L’homme est une histoire

L’invention de ce temps linéaire uniforme immanquablement dirigé vers le progrès, avec ses enchaînements mécaniques, ses succès assurés, ne tient pas compte de l’infinie diversité de la nature humaine. Le grand historien chrétien, Henri-Irénée Marrou, écrivait ainsi que « l’homme est dans l’Histoire. L’homme est un être historique, mais l’homme est une histoire, et cette histoire est libre parce qu’elle n’est pas écrite d’avance — imprévisible comme l’homme lui-même ». L’homme n’est pas réductible à un comportement uniforme au service d’une histoire et d’une économie uniforme. Comment en serait-il autrement, alors que l’homme lui-même ignore le plus souvent les mobiles de ses propres actes ? 

« L’homme n’est pas seulement dans l’Histoire, mais il porte en lui l’histoire qu’il explore », écrivait pour sa part Raymond Aron dans sa thèse au sous-titre évocateur : Essai sur les limites de l’objectivité historique.

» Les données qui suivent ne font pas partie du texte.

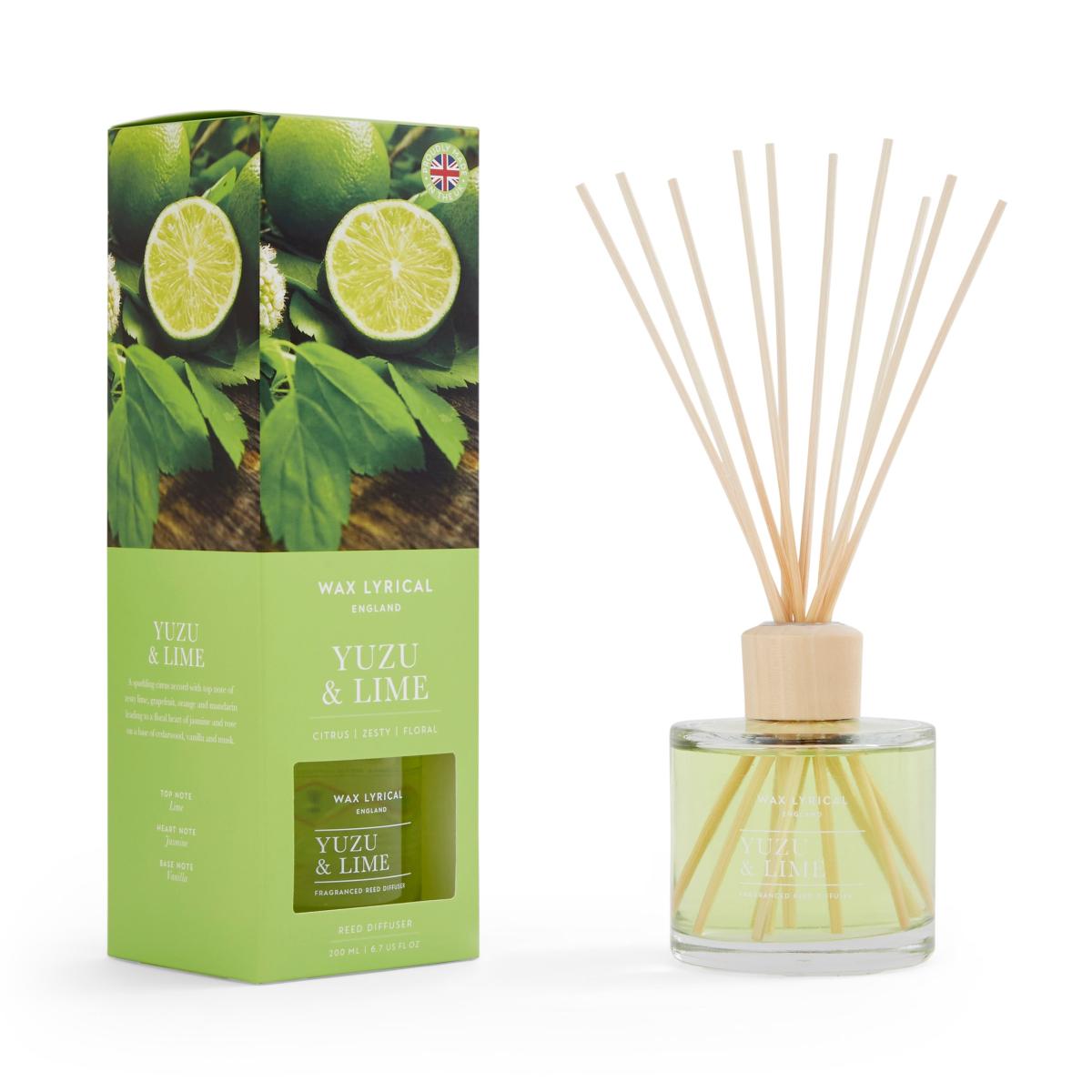 * Made from 100% wax * Includes 1 pack of wax melts * For indoor use * Woody/citrus scent Breathe in a burst of summer citrus with this Yuzu and Lime Reed Diffuser from Wax Lyrical England. Pop the natural reeds into the filled diffuser for an explosion of zesty lime, grapefruit, orange and mandarin.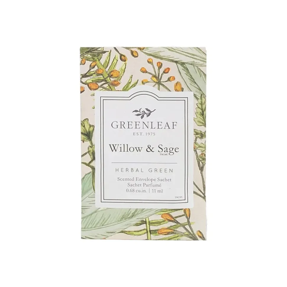 Small Willow & Sage fragrance sachet of 11 ml by Greenleaf. The fresh herbal notes of sage and lavender, softened by sandalwood and reinforced by cedar leaf, create the scent of a warm breeze under a willow tree on a sunny day.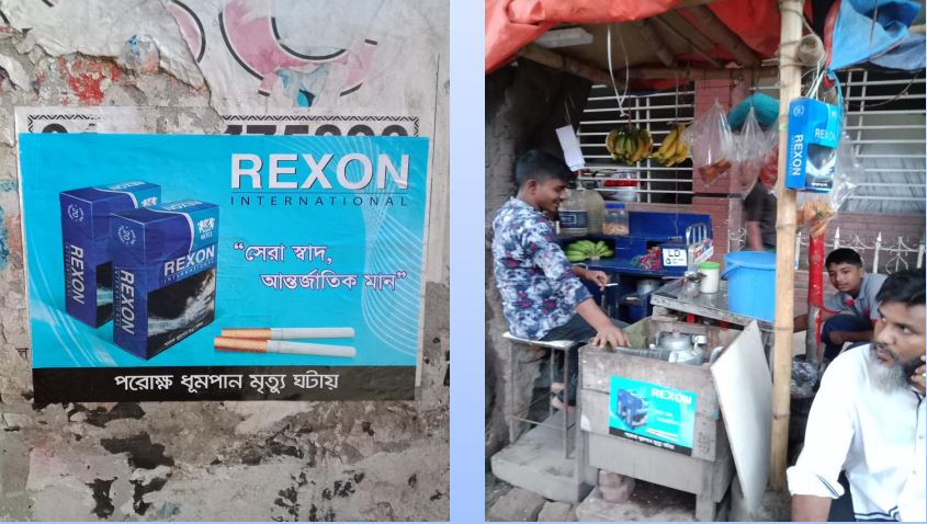 শরীফুল রুকন : ‘মানা করার পরও আমাদেরকে না জানিয়েই তামাক কোম্পানির লোকজন দোকানে স্টিকার, পোস্টার, খালি প্যাকেটের নকশা, ফ্লাইয়ারসহ নানা ধরনের বিজ্ঞাপন লাগায়। এমনকি দোকান বন্ধ থাকলেও তারা দোকানের বাইরে বা সাটারে বিজ্ঞাপন লাগিয়ে দিয়ে যায়। অনুমতি নেয়ার কোন প্রয়োজন বোধ করে না। কোম্পানির লোকেরা মুদি দোকান ও শো-কেস এবং বিভিন্ন স্থানে নির্দিষ্ট সিগারেটের প্যাকেটের মতো রং বা ডিজাইন করে দেয়। এছাড়াও স্টিকার, পোস্টার, সিগারেটের খালি প্যাকেটের মাধ্যমে বিজ্ঞাপন দিয়ে যায়।’ কথাগুলো বলছিলেন চট্টগ্রাম নগরের বহদ্দারহাট এলাকার দোকানি মো. সাকিব।

Chaque homme est à l’origine d’une interprétation de l’Histoire qui est liée aussi à la finalité qu’il donne à cette histoire. La réalité historique, parce qu’elle est humaine, est équivoque. Voilà ce que le Brexit, quelle que soit sa forme, nous rappellera. Parmi les éléments clefs d’un certain dogme européen figurait le sens de l’Histoire. Les Britanniques l’ont ébranlé, ils l’ont peut-être même achevé.